■ **Exercise details**:
All of the listing must be given again exactly, except that the images are dropped.
[[ Supplied material open ]]
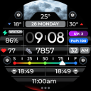 Sporty digital weather watch face with customizable features for...
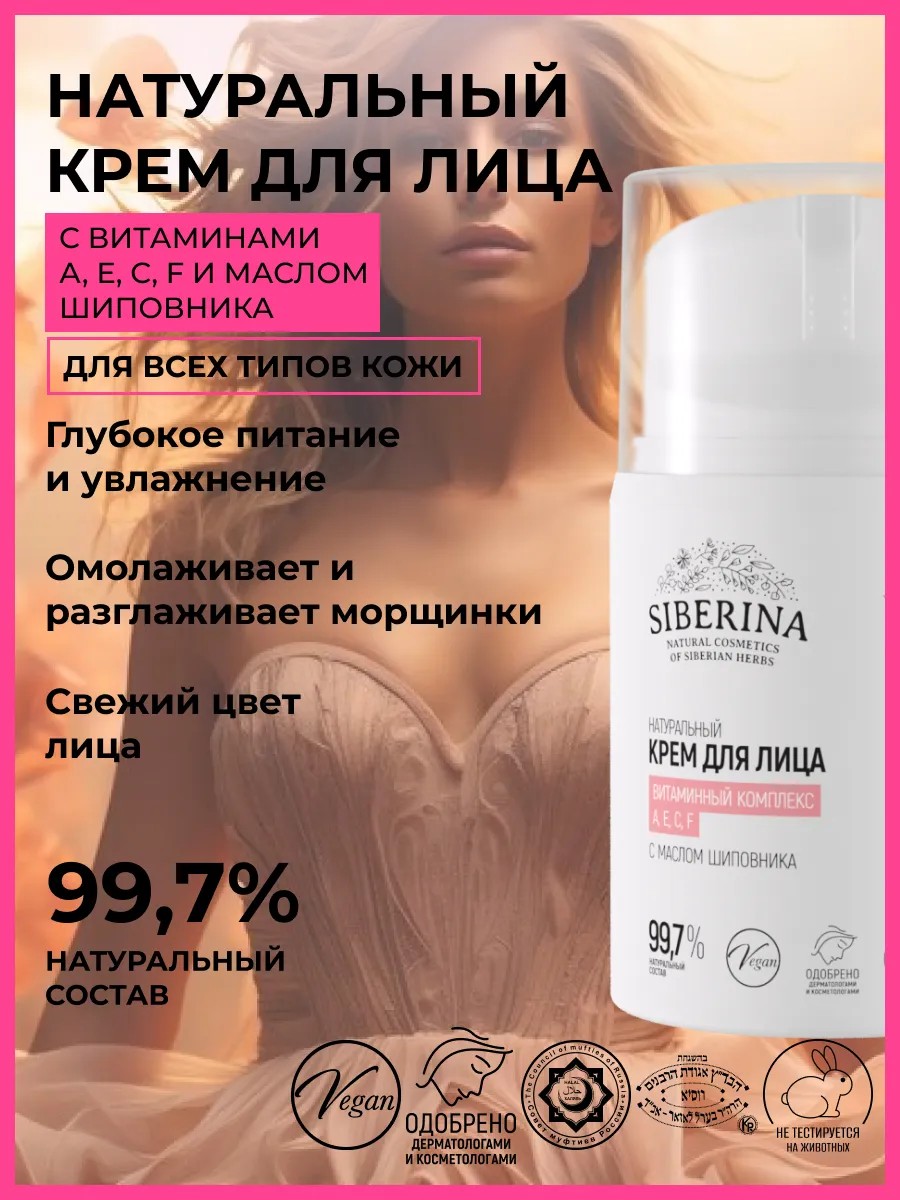 Крем для лица «Витаминный комплекс А, Е, С, F» с маслом шиповника — это натуральный продукт, который обеспечивает комплексный и интенсивный уход за кожей. Содержит витаминный комплекс А, Е, С и F с маслом шиповника, что способствует глубокому увлажнению и сужению пор. Этот крем эффективен в борьбе с морщинами и пигментными пятнами, устраняет дефицит витаминов и восстанавливает защитные функции кожи. Увлажняющий антивозрастной крем подходит для всех типов кожи: сухой, проблемной или чувствительной. Он станет отличным выбором как для возрастной кожи, так и для молодой — начиная с подросткового возраста от 14 лет. Легкая текстура не оставляет жирной пленки на лице. Этот эко-продукт универсален: его можно использовать как дневной крем под макияж или ночное средство перед сном даже в холодное время года — зимой или осенью. Подходит также для зоны шеи и области декольте. Основу составляют вода и природные компоненты: витамин А выравнивает тон лица, масло рисовых отрубей повышает тонус, ламинария регенерирует кожу, масло шиповника разглаживает морщины, экстракт пивных дрожжей стимулирует иммунитет. Органическая уходовая косметика для женщин – хороший подарок на праздник маме, жене, девушке и дочери подростку. Наши витаминные продукты оценит подружка! Условия хранения: хранить при температуре от +5 до + 25 гр. Способ применения: перед первым использованием встряхнуть флакон и медленно нажать на дозатор 15-20 раз. Легкими массажными движениями нанесите на лицо, излишки убрать салфеткой.
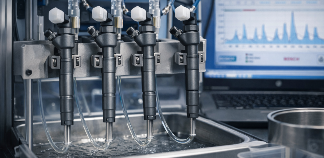Fachgerechte Prüfung, Reinigung und Überholung von Common-Rail Injektoren auf modernem Prüfstand.
[[ Supplied material closed ]]
■ **Result for this task**:
 Sporty digital weather watch face with customizable features for...
 Крем для лица «Витаминный комплекс А, Е, С, F» с маслом шиповника — это натуральный продукт, который обеспечивает комплексный и интенсивный уход за кожей. Содержит витаминный комплекс А, Е, С и F с маслом шиповника, что способствует глубокому увлажнению и сужению пор. Этот крем эффективен в борьбе с морщинами и пигментными пятнами, устраняет дефицит витаминов и восстанавливает защитные функции кожи. Увлажняющий антивозрастной крем подходит для всех типов кожи: сухой, проблемной или чувствительной. Он станет отличным выбором как для возрастной кожи, так и для молодой — начиная с подросткового возраста от 14 лет. Легкая текстура не оставляет жирной пленки на лице. Этот эко-продукт универсален: его можно использовать как дневной крем под макияж или ночное средство перед сном даже в холодное время года — зимой или осенью. Подходит также для зоны шеи и области декольте. Основу составляют вода и природные компоненты: витамин А выравнивает тон лица, масло рисовых отрубей повышает тонус, ламинария регенерирует кожу, масло шиповника разглаживает морщины, экстракт пивных дрожжей стимулирует иммунитет. Органическая уходовая косметика для женщин – хороший подарок на праздник маме, жене, девушке и дочери подростку. Наши витаминные продукты оценит подружка! Условия хранения: хранить при температуре от +5 до + 25 гр. Способ применения: перед первым использованием встряхнуть флакон и медленно нажать на дозатор 15-20 раз. Легкими массажными движениями нанесите на лицо, излишки убрать салфеткой.
Fachgerechte Prüfung, Reinigung und Überholung von Common-Rail Injektoren auf modernem Prüfstand.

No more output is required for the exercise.